The pattern here is the article’s larger one. First impression: this looks like emergent emotional understanding. Look closer: it is keyword-similarity with a smarter notion of “close”. Apply accordingly: use the model to discover the vocabulary you didn’t have; don’t ask it to understand the intent behind the vocabulary.

Embeddings are powerful and limited in specific, predictable ways.

• Section 1: what they handle. Synonyms, paraphrase, typos, cross-lingual queries, and polysemy work well, with each generation of model widening the safety margin.
• Section 2: where they break. Two distinct roots. First, sometimes the term simply isn’t in the model.
• Section 2.1 made this concrete with pool: a random train-timetable sentence beat the reinsurance paraphrase on three of four models. Enterprise vocabulary lives here. Second, when the term is in the model, the embedding ranks by term similarity, not by question-to-answer mapping.
• Section 2.2 showed this directly on the simplest queries. From that second root cascade negation (section 2.3), exact values (section 2.4), topical proximity beating answer relevance (section 2.5), and signal dilution in long context (section 2.6). A whole catalog of “obvious” failures (OOV identifiers, Boolean composition, counting, temporal predicates, multi-hop reasoning) needs no demo.
• Section 3: how to use them in production. Use embeddings line by line as a synonym-tolerant Ctrl-F (section 3.1). When you do need to bridge the question-to-answer gap, the load-bearing piece is the keywords that the answer would contain, not the embedding of the rewritten query (section 3.2). The production answer is a curated keyword dictionary, built by experts and bootstrapped by line-level embedding discovery (section 3.3). Embeddings aren’t the production retriever; they’re how you find the keywords that the production retriever then uses, fast, auditably, every time.

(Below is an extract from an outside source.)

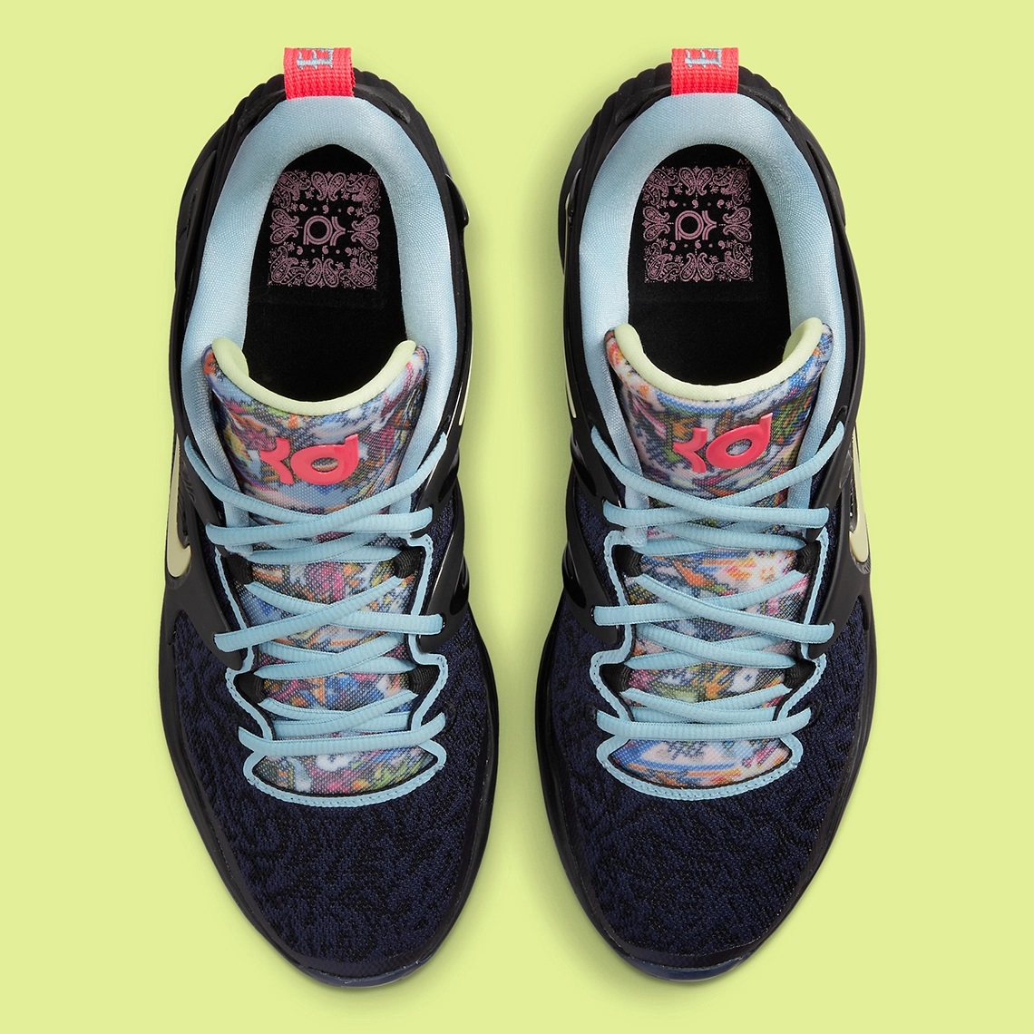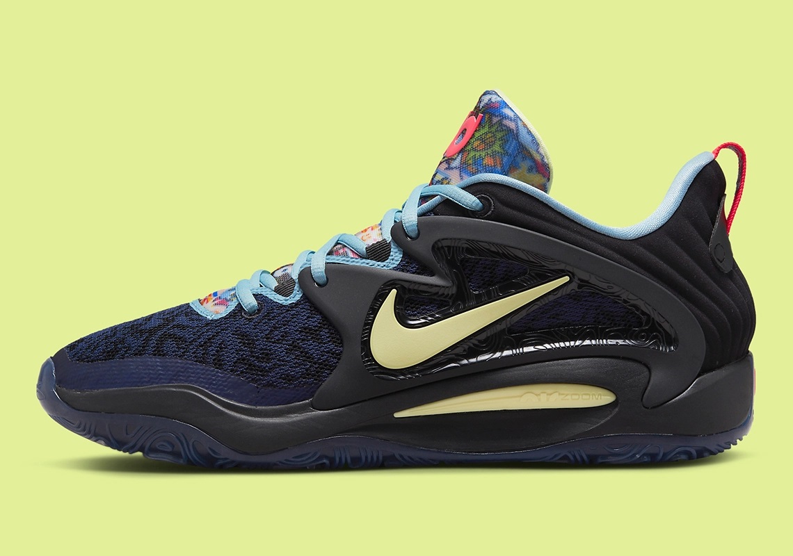 On reste sur un modèle Low mais cette fois, plus de sangle comme sur la KD 14. La tige semble quant à elle articulée entre une partie visible en mesh à l'avant, habillé par des motifs « paisley » en l'occurrence, recouverte sur l'empeigne par des matériaux plus rigides, sur lequel le « Swoosh » ressort ici en jaune sur fond noir, tandis que la partie « moulée » au niveau du talon complète l'ensemble.

A case from real projects. A team built a RAG system over commercial insurance contracts and spent three months chasing recall. They started with OpenAI’s text-embedding-3-small at 71% recall, benchmarked Voyage, Cohere, BGE-M3 (recall moved between 69% and 73%), then fine-tuned BGE on synthetic question-passage pairs. Recall climbed to 76%. Five points after three months. Then they broke the 200 questions down by type: 92% on conceptual, 23% on negation, 31% on exact-reference, 18% on internal-acronym. The aggregate of 76% hid two categories at near-zero performance — no fine-tuning could fix them. Adding BM25 alongside the vector search took two days, lifting exact-reference recall to 88%. Adding a query expansion step for acronyms via a company glossary took another day, lifting internal-acronym recall from 18% to 71%. One week of structural work outweighed three months of embedding fine-tuning.

Two signals a team has over-invested in embeddings: the roadmap features “fine-tune the embedding model” as the next milestone before anyone has broken down the actual failure cases; retrieval metrics are reported as a single recall number with no per-question-type breakdown, hiding the categories where embeddings are structurally wrong.

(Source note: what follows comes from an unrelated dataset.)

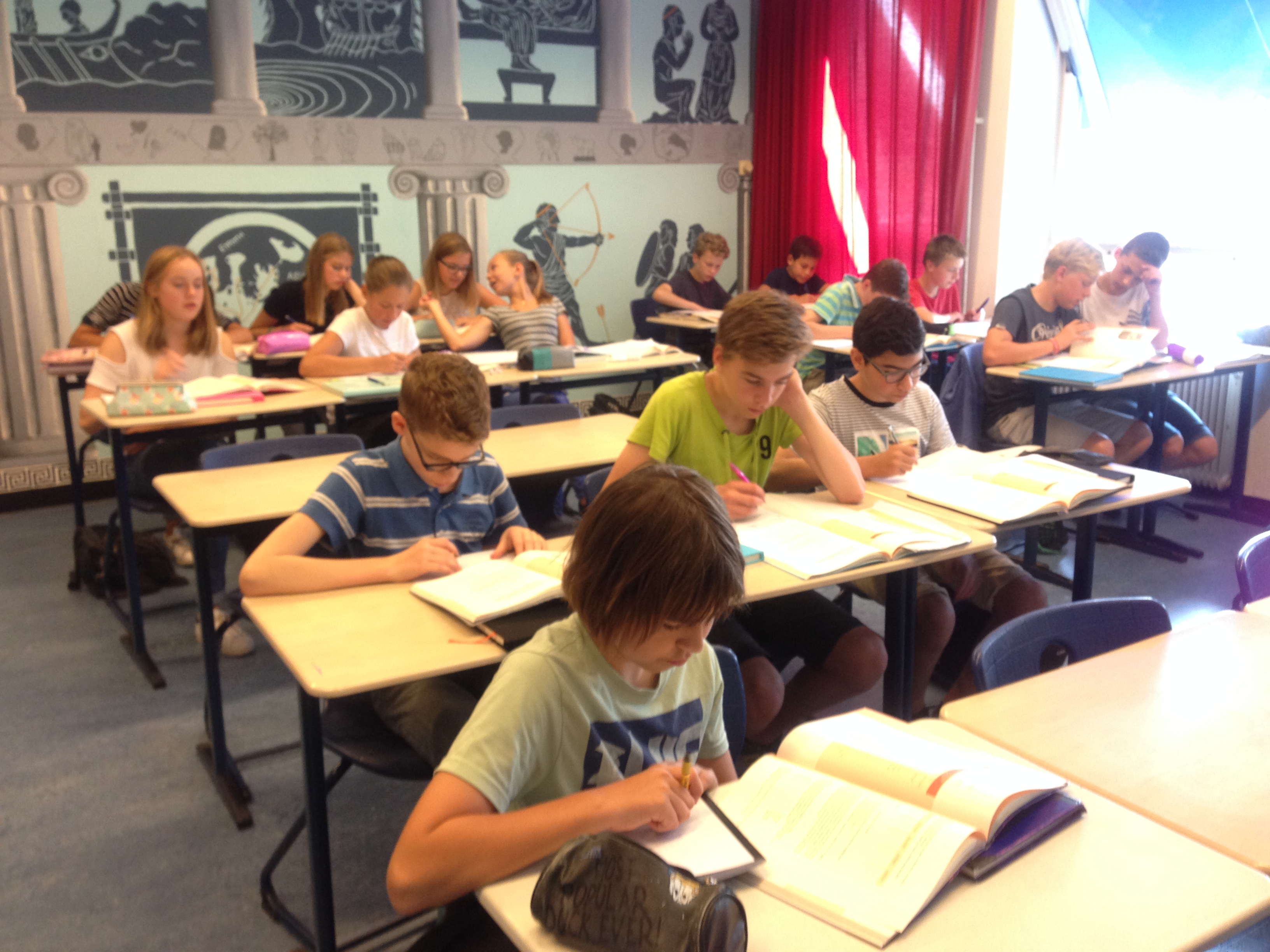 Klas 2E van het Willem Lodewijk Gymnasium is één van de klassen die met de nieuwe methode werkt. “Ik vind het heel mooi”, zegt Robert-Jan. “Het lijkt heel erg op de methode SPQR die we voor Latijn gebruiken. Het is overzichtelijk, een goed en duidelijk lettertype, en ook genoeg mooi afbeeldingen.”

You just watched embeddings fail in predictable, structural ways. The reflex, especially for engineers from an ML background, is to fix the model: more training data, fine-tune, swap providers, run a sweep. Article 3 makes the case that this is the wrong frame. The failures you just saw are not bugs the model can learn its way out of. RAG is not machine learning, and treating it like one is how teams waste six months optimising the part of the system that wasn’t broken.